If maximum calorie burn per minute is the priority and your body can handle the impact, running is the more efficient choice. But efficiency is only one piece of the puzzle. Adherence — actually doing the activity consistently — matters more than any per-minute metric.

People who love hiking and dread running will get more long-term benefit from hiking four times a month than from running twice before quitting. There is also growing recognition in exercise science that combining both activities can be more effective than doing either alone. Running builds cardiovascular efficiency and maintains bone density, while hiking develops different stabilizer muscles, builds mental endurance, and provides the kind of extended low-to-moderate effort that supports fat oxidation. For people who enjoy both, alternating between them based on schedule, weather, and motivation may be the most practical approach to sustained calorie management and overall fitness.

Conclusion

Running wins the calorie-burn-per-hour comparison in most head-to-head scenarios, but hiking can match or exceed running’s total calorie expenditure when duration, terrain, and pack weight enter the picture. The right choice depends on your available time, physical condition, injury history, and whether you actually enjoy the activity enough to keep doing it. A five-hour mountain hike with elevation gain and a loaded pack is a serious calorie-burning workout, even if each individual minute burns less than a minute of running.

Rather than picking one activity and dismissing the other, consider what fits your life. Use running when time is limited and you need an efficient workout. Use hiking when you have longer blocks of time and want sustained, lower-impact effort. Pay attention to your body, be honest about the intensity you are actually achieving, and remember that the best exercise for burning calories is the one you will do consistently over months and years.

Frequently Asked Questions

Does hiking uphill burn as many calories as running?

Steep uphill hiking can approach the calorie burn rate of moderate-pace running, especially with a loaded pack. On sustained grades, the difference between the two activities narrows considerably. However, most hikes include flat and downhill sections that bring the average rate below running.

Is hiking or running better for weight loss?

Both can contribute to weight loss when combined with appropriate nutrition. Running is more time-efficient for calorie burning, but hiking’s longer duration can produce a higher total burn per session. Consistency and dietary habits matter more than the specific activity.

How accurate are fitness tracker calorie estimates for hiking and running?

Wrist-based fitness trackers are generally more accurate for running than for hiking, because running involves a more consistent arm swing pattern. Calorie estimates for hiking, particularly on varied terrain or with trekking poles, can be off by a meaningful margin. Treat all tracker numbers as rough estimates, not precise measurements.

Does walking with trekking poles burn more calories than hiking without them?

Using trekking poles engages the upper body and has been shown in some studies to increase calorie expenditure modestly compared to hiking without poles. The effect is more pronounced on uphills. However, the increase is relatively small — it is not going to transform a casual walk into a high-intensity workout.
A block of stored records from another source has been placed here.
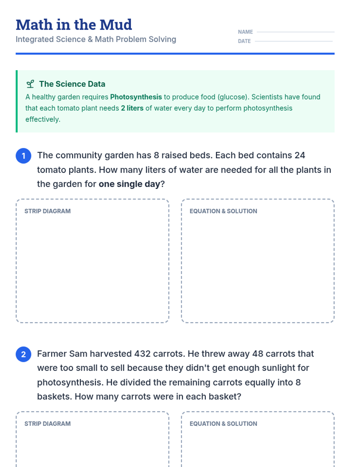 A math worksheet featuring multi-step problems integrated with science concepts (photosynthesis). Revised to keep work areas together and enhance science connections.
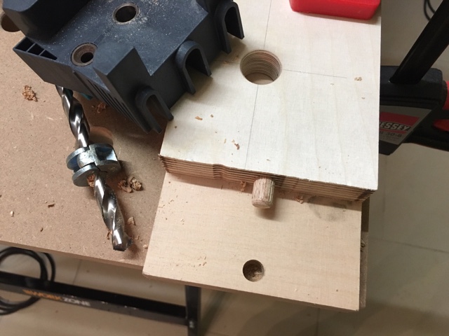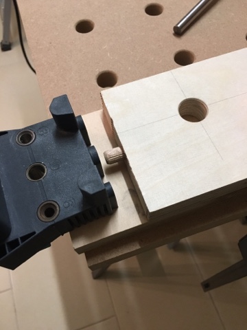 Darum habe ich mich dazu entschieden, nur ein 10er Dübel mittig zu setzen und die Ecken zusätzlich zu verschrauben. Ich denke das gibt ausreichend Stabilität, auch wenn es keine verdeckte Verbindung mehr ist.
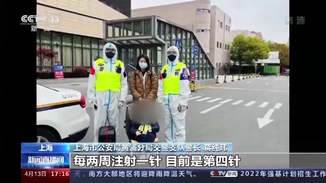 上海市公安局黄浦分局交警支队警长 蒋纯玮:每两周注射一针,目前是第四针。如果这针不打,前面的针就全部浪费了。

Can I get the same cardiovascular benefits from hiking as from running?

Hiking on challenging terrain can provide meaningful cardiovascular training, particularly for people who are newer to exercise or who hike at intensities that elevate heart rate into aerobic training zones. For highly trained individuals, hiking on flat terrain is unlikely to provide the same cardiovascular stimulus as running unless the pace and terrain are quite demanding.